Customer service software maker Zendesk (NYSE:ZEN) reported strong growth in the Q3 FY2021 earnings announcement, with revenue up 32.4% year on year to $346.9 million. Guidance also exceeded expectations with next quarter revenues guided to $369 million, or 1.57% above analyst estimates. Zendesk made a GAAP loss of $54.4 million, down on its loss of $40.7 million, in the same quarter last year.
Zendesk (ZEN) Q3 FY2021 Highlights:
- Revenue: $346.9 million vs analyst estimates of $335.3 million (3.47% beat)
- EPS (non-GAAP): $0.17 vs analyst expectations of $0.17 (small miss)
- Revenue guidance for Q4 2021 is $369 million at the midpoint, above analyst estimates of $363.2 million
- Free cash flow of $65.4 million, up from $20.9 million in previous quarter
- Gross Margin (GAAP): 79.7%, up from 76% same quarter last year
- Zendesk announced it would buy the parent company of SurveyMonkey, an online questionnaire platform, in a stock deal valued at $4.13 billion
Founded in 2006 by three Danish friends who got tired of implementing complex old-school solutions, Zendesk (NYSE:ZEN) is a software as a service platform that makes it easier for companies to provide help and support to their customers.
It offers a cloud-based help desk which enables customers to reach out for help through various channels like live chat or email and provides companies with a unified interface to track, prioritize, and respond to customers requests. By centralising data about customer requests the software makes support teams more efficient, and enables support agents to have full context about the customer.
As more of our commercial interactions take place over the internet, the need for online support is growing. Customers are expecting to be able to talk to brands on any channel, at any time and that drives the need for integrated sales and support platforms like Zendesk.
Zendesk has a number of competitors in this space, from public companies like Hubspot (NYSE:HUBS) and Salesforce (NYSE:CRM) to private companies like Intercom.
As you can see below, Zendesk's revenue growth has been strong over the last year, growing from quarterly revenue of $261.9 million, to $346.9 million.

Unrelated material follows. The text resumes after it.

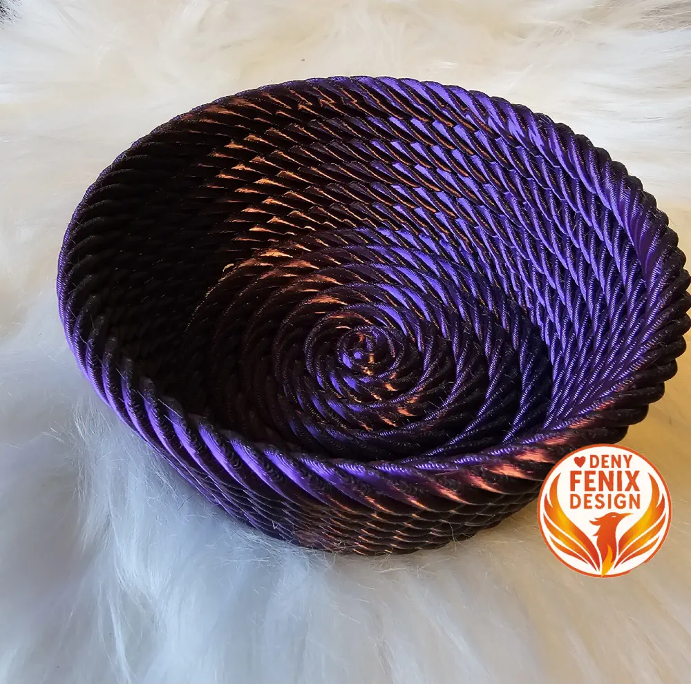 Designový 3D tištěný košík s magickým efektem měnící barvy – z fialové do černé podle dopadu světla. Jedinečný doplněk pro švadlenky, tvořilky i milovníky originálních dekorací.

This was a standout quarter for Zendesk, with the quarterly revenue up an absolutely stunning 32.4% year on year, which is above average for the company. On top of that, revenue increased $28.7 million quarter on quarter, a very strong improvement on the $20.1 million increase in Q2 2021, and a sign of re-acceleration of growth.
Analysts covering the company are expecting the revenues to grow 25.1% over the next twelve months, although estimates are likely to change post earnings.
What makes the software as a service business so attractive is that once the software is developed, it typically shouldn't cost much to provide it as an ongoing service to customers. Zendesk's gross profit margin, an important metric measuring how much money there is left after paying for servers, licences, technical support and other necessary running expenses was at 79.7% in Q3.
That means that for every $1 in revenue the company had $0.79 left to spend on developing new products, marketing & sales and the general administrative overhead. Trending up over the last year, this is a good gross margin that allows companies like Zendesk to fund large investments in product and sales during periods of rapid growth and be profitable when they reach maturity.
Key Takeaways from Zendesk's Q3 Results
Sporting a market capitalization of $14.7 billion, more than $953.8 million in cash and with positive free cash flow over the last twelve months, we're confident that Zendesk has the resources it needs to pursue a high growth business strategy.
It was good to see Zendesk deliver strong revenue growth this quarter. And we were also excited to see that it outperformed analysts' revenue expectations. Overall, this quarter's results seemed pretty positive and shareholders can feel optimistic. But the market didn't respond to the acquisition news positively and the company is down 15.1% on the results and currently trades at $101 per share.
Is Now The Time?
When considering Zendesk, investors should take into account its valuation and business qualities, as well as what happened in the latest quarter. We think Zendesk is a solid business. Its revenue growth has been solid. On top of that, its impressive gross margins are indicative of excellent business economics, and its strong free cash flow generation gives it re-investment options.
Zendesk's price to sales ratio based on the next twelve months is 9.2, suggesting that the market is expecting more steady growth, relative to the hottest tech stocks. There are definitely things to like about Zendesk and looking at the tech landscape right now, it seems that it doesn't trade at an unreasonable price point.
The Wall St analysts covering the company had a one year price target of $177.1 per share right before these results, implying that they saw upside in buying Zendesk even in the short term.